SUPPLIED DATA -

····················

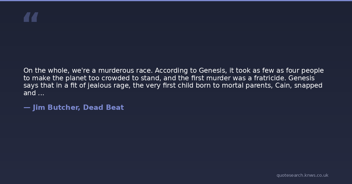On the whole, we're a murderous race. According to Genesis, it took as few as four people to make the planet too crowded to stand, and the first murder was a fratricide. Genesis says that in a fit of jealous rage, the very first child born to mortal parents, Cain, snapped and popped the first metaphorical cap in another human being. The attack was a bloody, brutal, violent, reprehensible killing. Cain's brother Abel probably never saw it coming. As I opened the door to my apartment, I was filled with a sense of empathic sympathy and intuitive understanding. For freaking Cain.
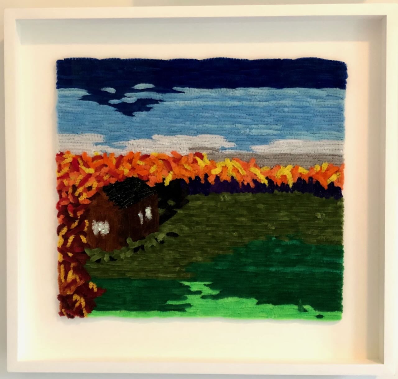 The story — Inspired by the view from my backyard in the fall, I added my dream studio to the scene. I was especially excited to use black tinsel pipe cleaners for the roof, catching the light like an early frost glittering.
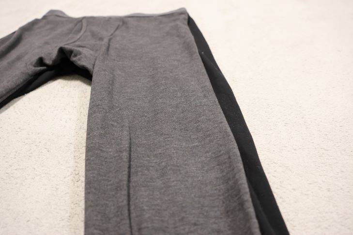 ただ股より下はタイトな作りで、ユニクロの「超極暖ヒートテックタイツ」と比べてやや細いのが写真で分かると思います。
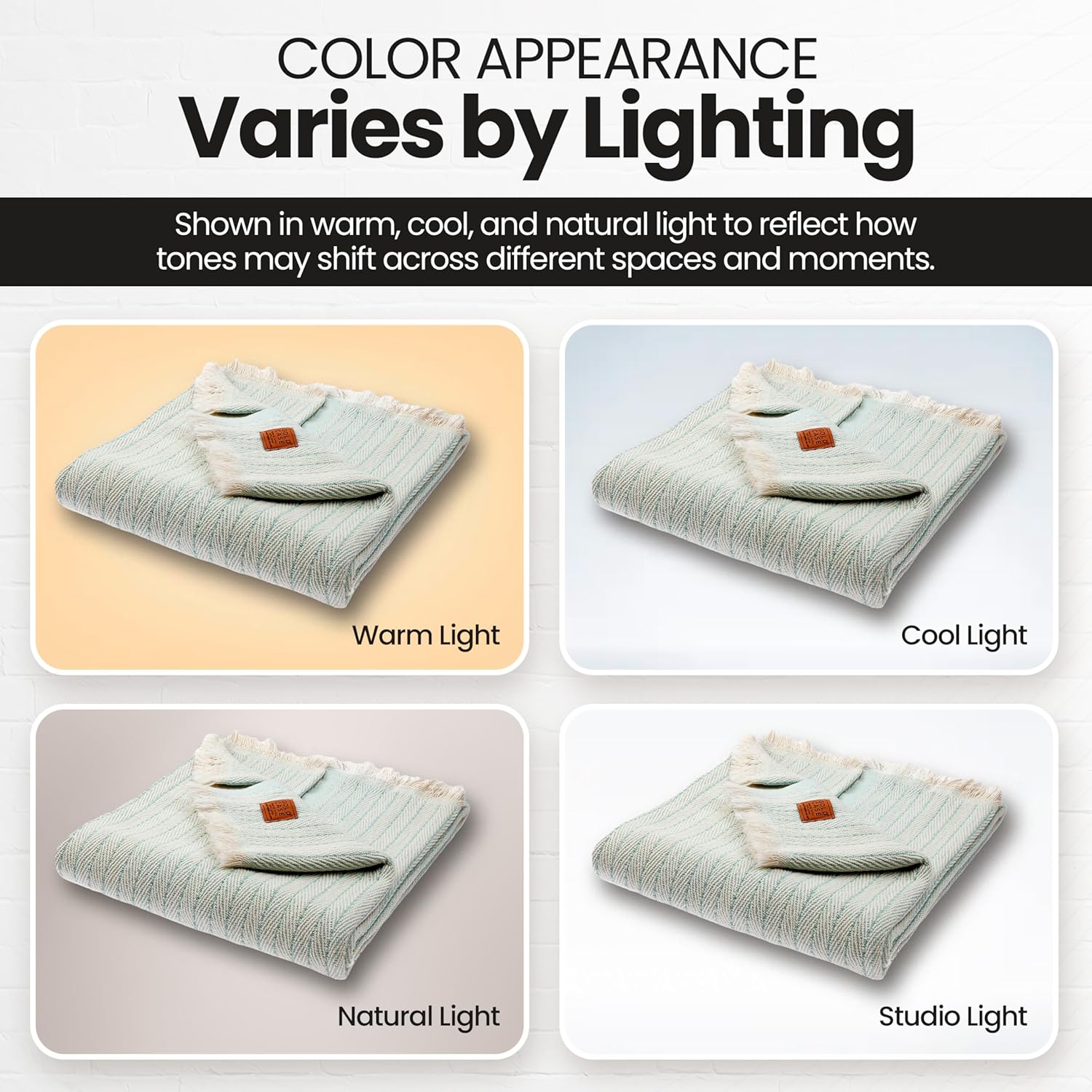 - LIGHTWEIGHT LAYERS FOR RELAXED MOMENTS: Woven from 100% recycled Turkish cotton, this breathable and cute throw blanket adds a soft, textured touch to your space; made for layering on the couch, tossing over your shoulders, or adding a laid-back look to your decor

····················

TASK TO CARRY OUT - What is needed here is an exact repetition of the listing above, pictures excluded.

RESPONSE TO THIS TASK -
On the whole, we're a murderous race. According to Genesis, it took as few as four people to make the planet too crowded to stand, and the first murder was a fratricide. Genesis says that in a fit of jealous rage, the very first child born to mortal parents, Cain, snapped and popped the first metaphorical cap in another human being. The attack was a bloody, brutal, violent, reprehensible killing. Cain's brother Abel probably never saw it coming. As I opened the door to my apartment, I was filled with a sense of empathic sympathy and intuitive understanding. For freaking Cain.
 The story — Inspired by the view from my backyard in the fall, I added my dream studio to the scene. I was especially excited to use black tinsel pipe cleaners for the roof, catching the light like an early frost glittering.
 ただ股より下はタイトな作りで、ユニクロの「超極暖ヒートテックタイツ」と比べてやや細いのが写真で分かると思います。
 - LIGHTWEIGHT LAYERS FOR RELAXED MOMENTS: Woven from 100% recycled Turkish cotton, this breathable and cute throw blanket adds a soft, textured touch to your space; made for layering on the couch, tossing over your shoulders, or adding a laid-back look to your decor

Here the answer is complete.